In deep learning when we work with sequences (such as music is a sequence of notes and texts are sequences of words) we use Recurrent Neural Networks, because they have memories, they evaluate every part of sequences.

But when we use Recurrent Neural Networks (I'll call them RNN after this) we encounter with a big problem: **vanishing gradient**. Because of the backpropagation of neural networks we encounter with this problem.

But if we use LSTMs (Long Short Term Memories, developed version of Simple RNNs) or GRU (Gated Recurrent Units) we don't encounter with this problem, because these networks have some data filters that we named **forget gates**.

In [None]:
VOCAB_SIZE = len(tokenizer.word_index) + 1
# We've added 1 because of padding

# Each world will be 100D vector.
VECTOR_SIZE = 100

def buildModel(MAX_LEN,embedding_weights=None):
    
    model = keras.Sequential()
    if embedding_weights is not None:
        model.add(layers.Embedding(input_dim=VOCAB_SIZE,
                                   output_dim=VECTOR_SIZE,
                                   input_length=MAX_LEN,
                                   weights=[embedding_weights],
                                   trainable=True
                              ))
        
    else:
        model.add(layers.Embedding(input_dim=VOCAB_SIZE,
                                   output_dim=VECTOR_SIZE,
                                   input_length=MAX_LEN
                                  ))
    
    model.add(CuDNNGRU(512,return_sequences=True))
    model.add(CuDNNGRU(1024,return_sequences=True))
    model.add(CuDNNGRU(1024,return_sequences=False))
    model.add(layers.Dense(1,activation="sigmoid"))
    
    model.compile(optimizer="Adam",loss="binary_crossentropy",metrics=["accuracy"])
    return model

In [None]:
model = buildModel(MAX_LEN)
model.summary()

# Loading Pre-trained Word Embeddings 

In this section we'll load pre-trained word embeddings.

In [None]:
word2vec = {} # Trained glove model 
with open("../input/glove-global-vectors-for-word-representation/glove.6B.100d.txt",encoding="UTF-8") as f:
    for line in f:
        values = line.split() 
        word = values[0]
        vec = np.asarray(values[1:],dtype="float32")
        word2vec[word] = vec
        

* First we've read word vectors from text file and created a python dictionary.

In [None]:
# initializing as uniform
embedding_matrix = np.random.uniform(-1,1,(VOCAB_SIZE,100))

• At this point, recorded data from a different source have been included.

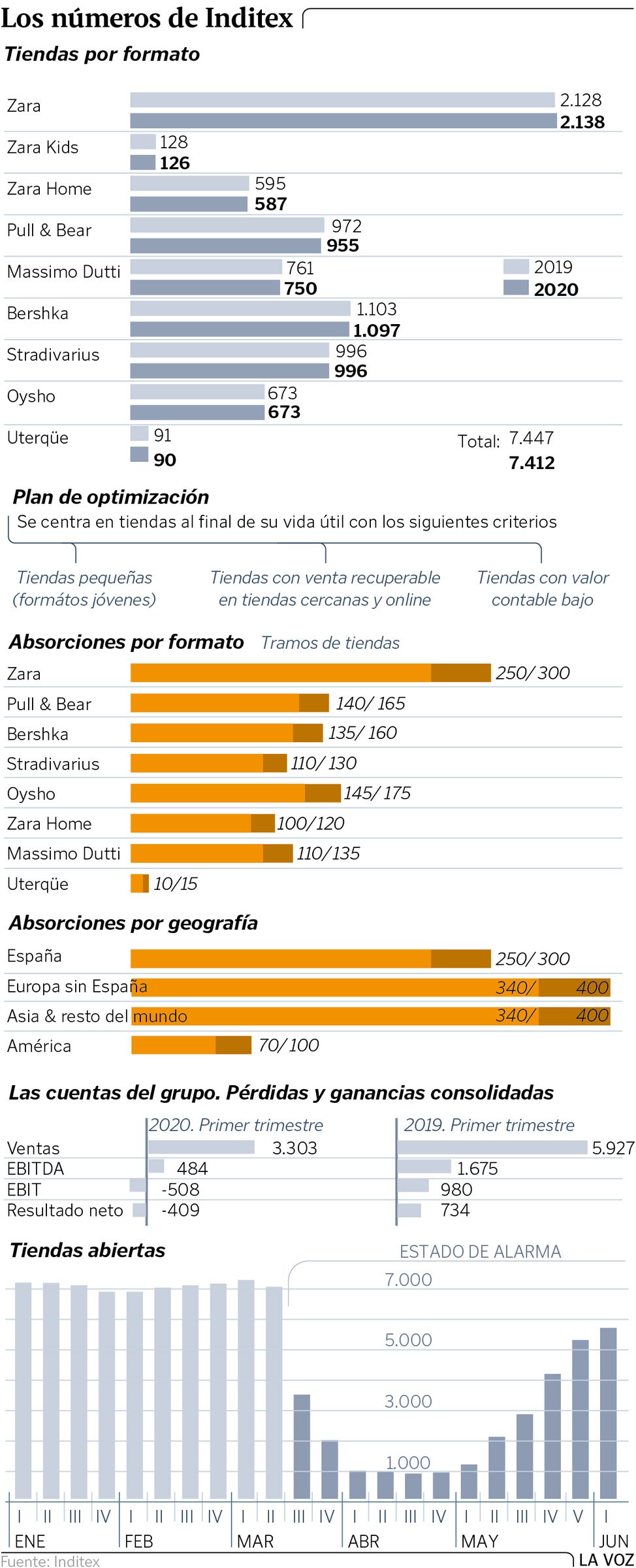 Inditex, que a 30 de abril contaba con una red de 7.412 establecimientos, explicó que los cierres se centrarán en tiendas que están en el final de su vida útil, sobre todo de los formatos jóvenes y cuya venta se puede recuperar en tiendas cercanas y on-line. Isla insistió en que este plan de optimización es una continuación de lo que se venía haciendo desde el 2012, y que se ha aplicado con más intensidad entre el 2017 y el 2019. Todas las tiendas que se cerrarán, matizó, son rentables, pero la medida se toma porque «la visión es a largo plazo.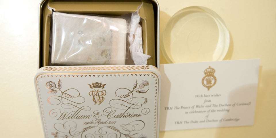 Der nun versteigerte Kuchen ist in Papier eingeschlagen und kommt in einer teilweise vergoldeten Blechbüchse mitsamt Grußkarte von Prinz Charles und Herzogin Camilla. Wer das Backwerk zum Kauf angeboten hat, ist nicht bekannt. Die Stücke waren als Souvenir an Gäste der royalen Hochzeit verteilt worden, heißt es in einer Mitteilung des Auktionshauses.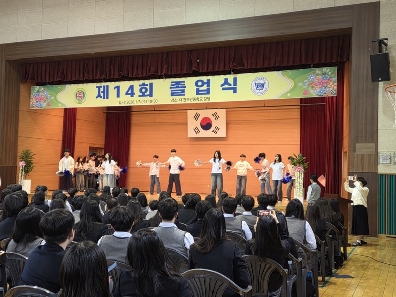 3년간 성실히 생활한 졸업생 220명이 졸업의 결실을 맺었다. 이날 졸업식에는 졸업생과 학부모, 교직원 등이 참석한 가운데 국민의례를 시작으로 졸업장 수여, 대내상 수여 및 상장 전달, 학교장 훈사, 학교운영위원장과 학부모회장의 축사, 학급영상 시청 순으로 진행됐다. 특히 졸업생들이 직접 제작한 학급 영상 상영은 3학년의 즐거움과 아쉬움이 가득하여 모두가 함께 성장의 결실을 나누는 뜻깊은 자리로 마무리됐다. 대전도안중학교는 앞으로도 학생 한 명 한 명의 성장을 지원하는 교육을 지속해 나갈 계획이다.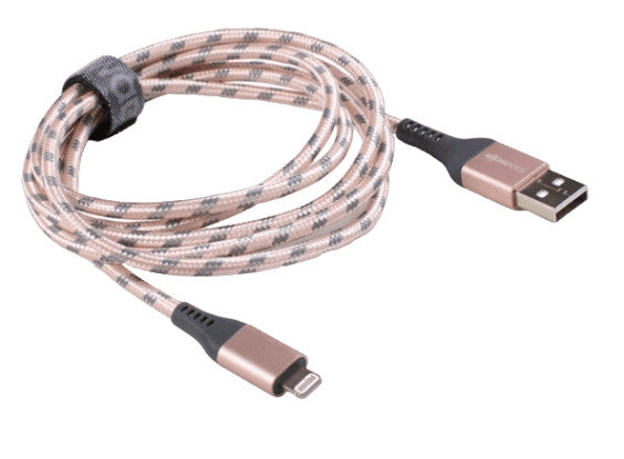 Incredibly strong stylish Armour braided USB to Apple lightning cable, with boompods “BOOMFLEX” strain relief junction making a cable strong enough to go on any adventure and quickly sync and charge to your mobile devices.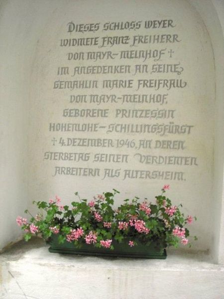 1946 widmete Franz IV. Mayr-Melnhof (+ 1957) das Schloss im Angedenken an seine Gemahlin an deren Sterbetag seinen verdienten Arbeitern als Altersheim. Dies geht aus einer vorhandenen Inschrift an der Außenmauer der Kapelle hervor. 1990 wurde das denkmalgeschützte Gebäude vom Gemeinnützigen Steirischen Wohnungsunternehmen erworben, generalsaniert und im November 1995 wieder seiner Bestimmung als Alten- und Betreuungsheim übergeben.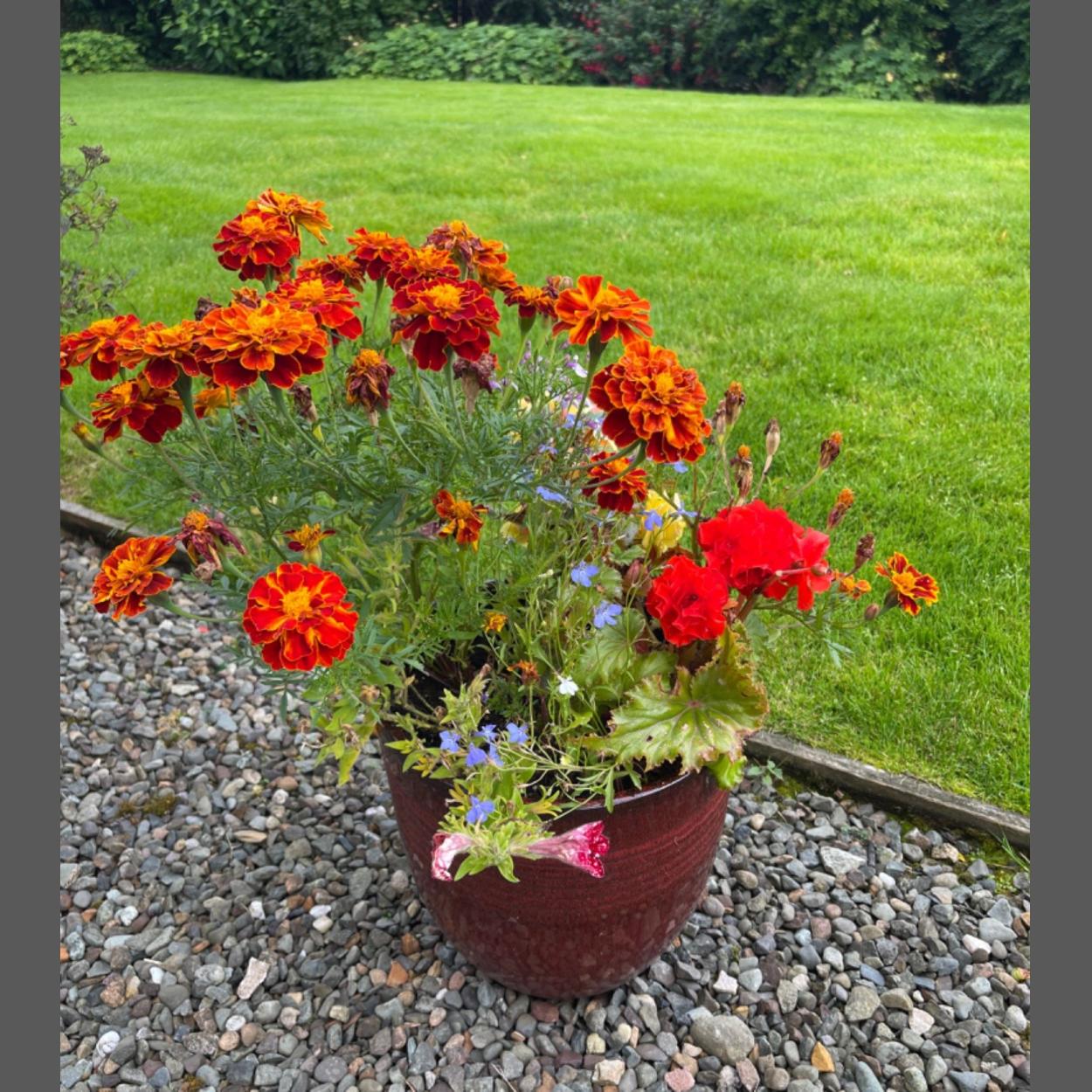 A DELIGHTFUL planted red drip glazed garden container to include a big bunch of French Marigolds and mixed Lobelia summer planting - 35cm height approx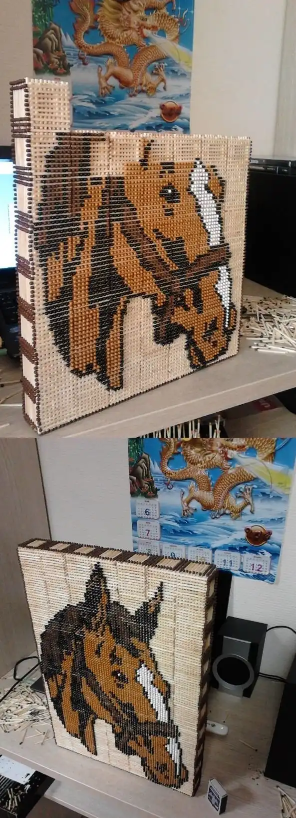 Использовано около 18 тыс. спичек. Время работы: 3 месяца. Спички окрашены вручную.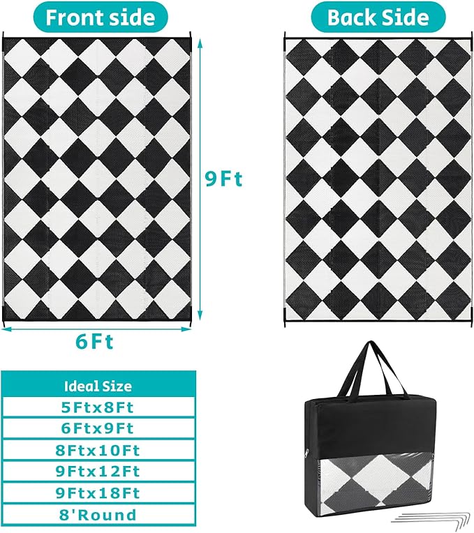 - Versatile Outdoor Carpet: The indoor outdoor plastic rugs have multiple choice in different colors(4'x6',5'x8',6'x9',8'x10',9'x12',9'x18',8'round), is ideal for a variety of indoor outdoor activities,like patio mat, deck rug, garden rug, beach mat, picnic mat, BBQ party mat, rv camping rug,pool rug,outdoor doormat,garage rug,front door mat,allowing you to have plenty of imaginable space for more fun.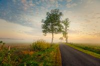 Zomaar een weg in het Drentse landschap, hier kun je dwalen en verdwalen op een mistige ochtend.
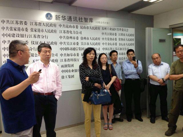 2015年7月7日星期二下午,在樊和平教授和太阳成集团院长王珏教授带领下,太阳成集团乔光辉教授、何熠副书记、田兆耀副教授、李林艳副教授、季玉群副教授、何志宁副教授、洪岩璧副教授和杨煜博士一行访问了新华社江苏分社。华卫列副社长、周国洪主任、杨溟院长、田雪亭主任和王宇静热情接待了太阳成集团代表团。周国洪主任首先介绍了新华社江苏分社的智库建设情况,展示了一系列的成果。随后,双方进行了热烈而富有成果的座谈讨论,就合作办学、智库建设等问题进行了深入和极具建设性的交流,初步达成了一系列共识,包括合作办学三步走战略和智库的差异化互补建设等诸方面,并就今后的进一步沟通建立了初步的制度性架构和机制。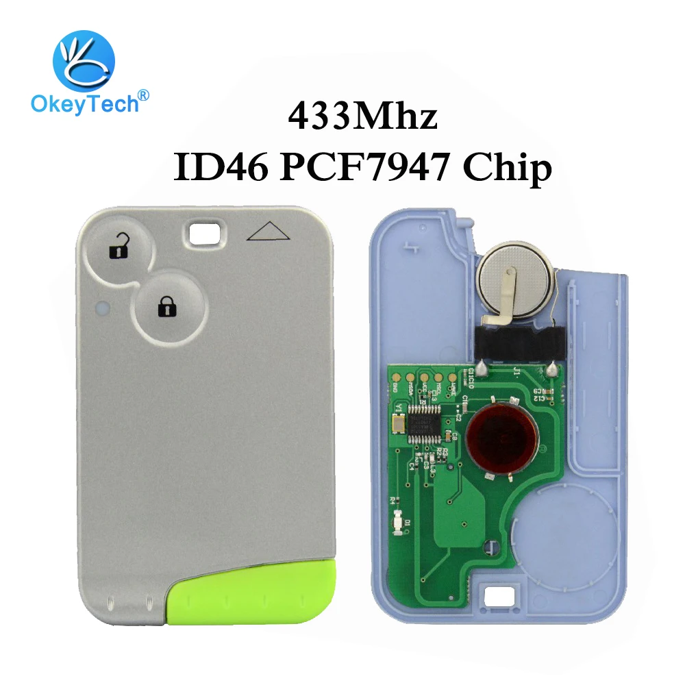 Special Offer OkeyTech con la hoja en blanco sin cortar de emergencia 433mhz ID46 PCF7947 Chip de Control remoto inteligente llave de auto y tarjeta para Renault lago 2 botón Discount 52% Today!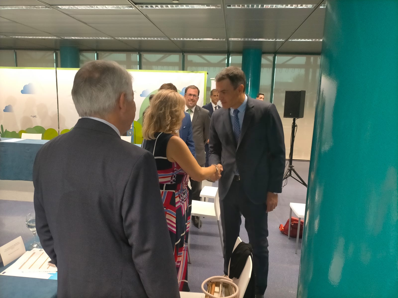 La directora general de Energía, Belarmina Díaz, saluda al presidente del Gobierno, Pedro Sánchez, durante la reunión constitutiva del grupo de trabajo de infraestructuras de recarga del vehículo eléctrico, al que también asistieron la ministra de Transición Ecológica y Reto Demográfico, Teresa Ribera, la secretaria de Energía, Sara Aagesen, y el secretario general de Industria y de la Pequeña y Mediana Empresa, Raúl Blanco.
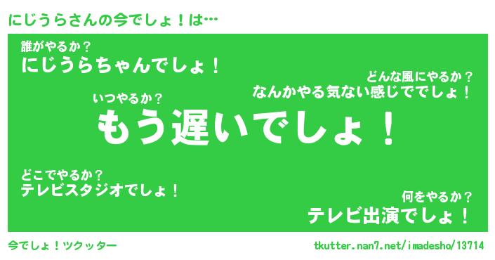 | 意味不明あだ名 | 『ペロリンにじうら』『永久保存にじうら』 |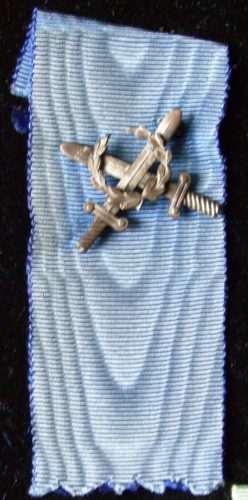 distintivo a spillo in metallo argentato; consiste in due gladi incrociati ai quali sono sovrapposti due rami di alloro che si congiungono in basso. L'insegna è sostenuta da un nastro di seta turchino/celeste, come quello per la Croce di Guerra al Valor Militare in bronzo.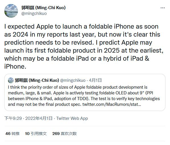 郭老师去年预测苹果发布折叠屏手机最快也要等到 2024 年,但是今天他再次预测最早要等到 2025 年。他表示苹果的首款折叠屏设备要么是混合 iPhone 和 iPad 的一款产品,要么就是一个折叠屏 iPad。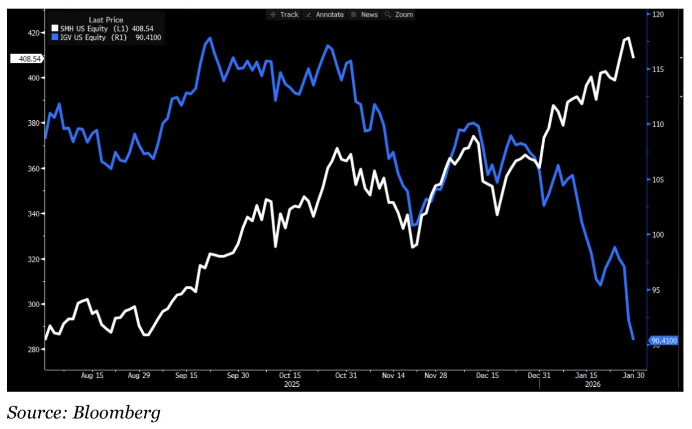 And so was the directional relationship between the chip companies and the SaaS companies. Up until a few years ago, both market segments tended to move together. If microprocessor company stocks went up, so did SaaS company stock values. Both were viewed as “high-growth tech” companies. But in the past couple of years, that relationship seems to have broken down. Initially, to my eyes, the divergence seemed to be related to spending or capital choices — a type of “crowding out.” In other words, outsized spending on AI infrastructure (read: chips) inherently restricts spending elsewhere. Software “seats” likely took a hit.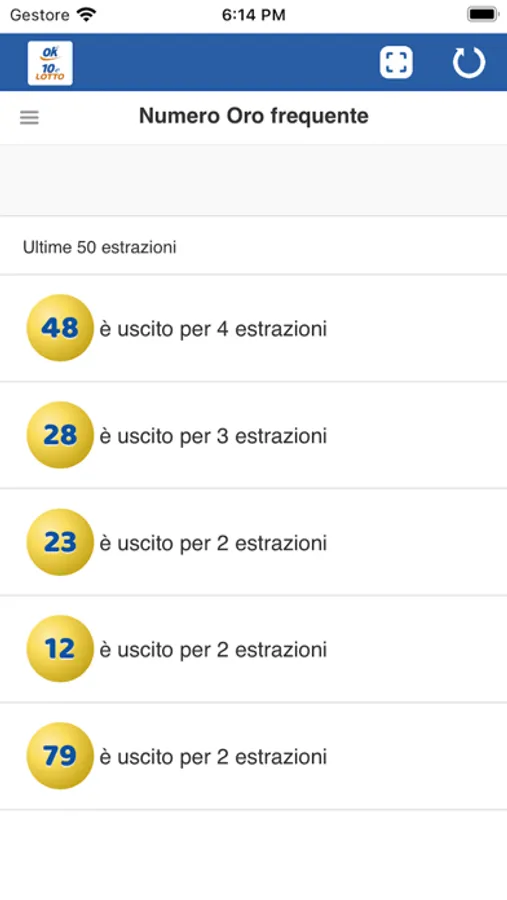 Elenco del numero oro frequente delle ultime 50 estrazioni del 10elotto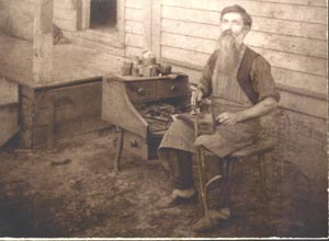 ![]() John George Bienemann at his home and shoemaking workshop, 306 Lake Avenue, Kenosha, circa 1900. This photo was submitted by Kathe
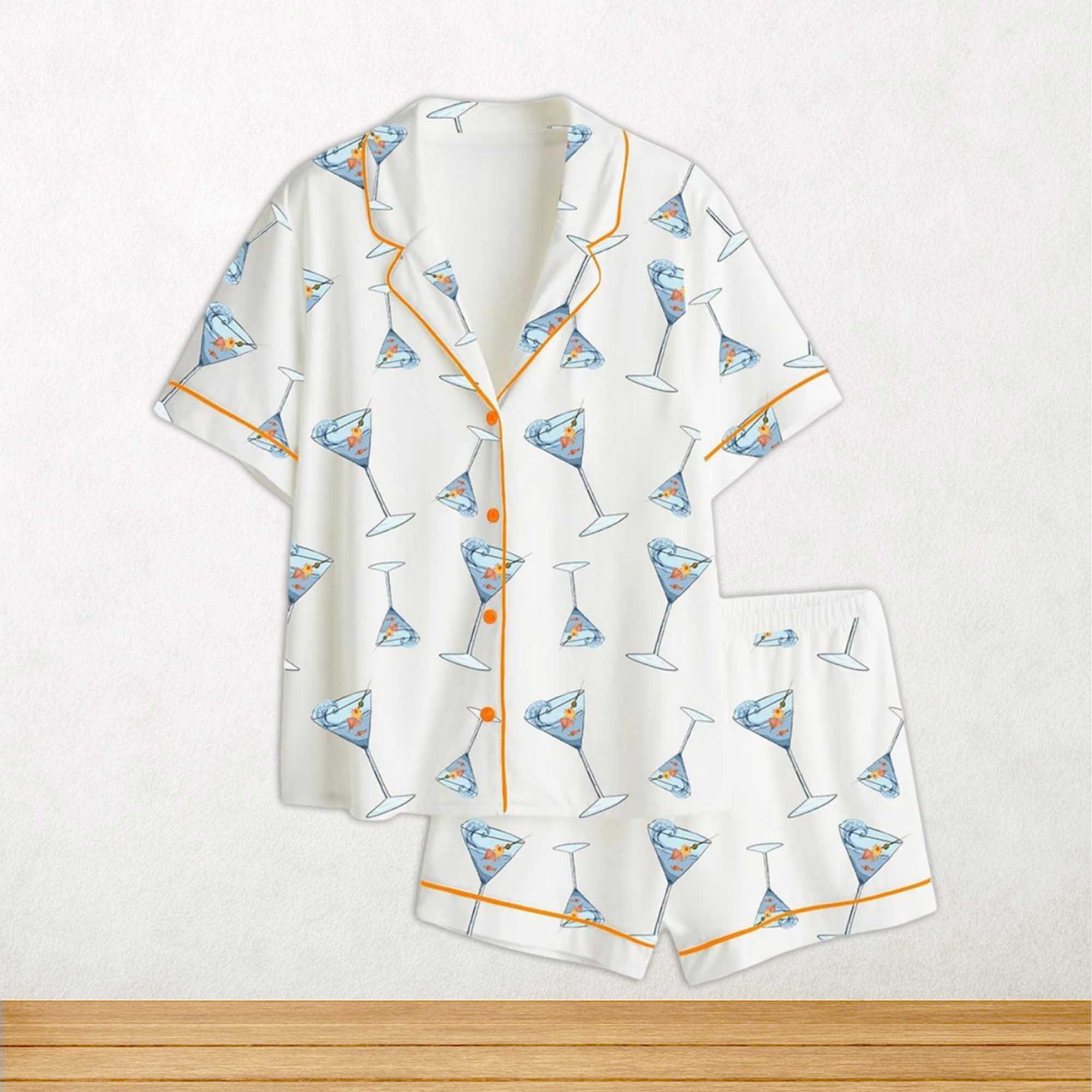 One Seatini Please Martini Short Sleeve Satin Pajama Set For Women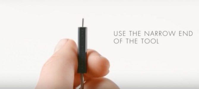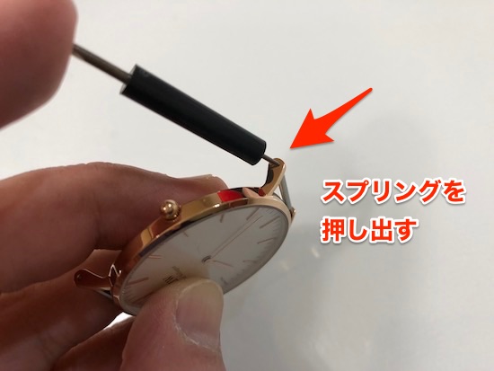 NATOストラップを外したら 本体を購入した時に付属していた上述の工具を使って ピンを押し出すと スプリングピンを外すことができます。

for word,i in tokenizer.word_index.items():
    if i<VOCAB_SIZE: 
        embedding_vector = word2vec.get(word)
        if embedding_vector is not None:
            embedding_matrix[i] = embedding_vector


* Then we've created our embedding matrix and if a value in our set is in the pre trained vector we changed the value of it.

In [None]:
model = buildModel(MAX_LEN,embedding_matrix)

In [None]:
model.summary()

# Training Model | Displaying Results
In this section I am going to train our model.

In [None]:
model.fit(x_train,y_train,epochs=3,validation_split=0.2)

# Final Test
In this section I am going to test our model with test set.

In [None]:
y_pred = model.predict_classes(x_test)

accuracy_sc = round(accuracy_score(y_pred=y_pred,y_true=y_test)*100,2)
conf_matrix = confusion_matrix(y_pred=y_pred,y_true=y_test)


print("Accuracy score is {}% ".format(accuracy_sc))

plt.subplots()
sns.heatmap(conf_matrix,annot=True,linewidths=1.5,fmt=".1f")
plt.xlabel("Prediction")
plt.ylabel("Actual")
plt.show()

* Model does not have balance problem, so we can say not bad for %73.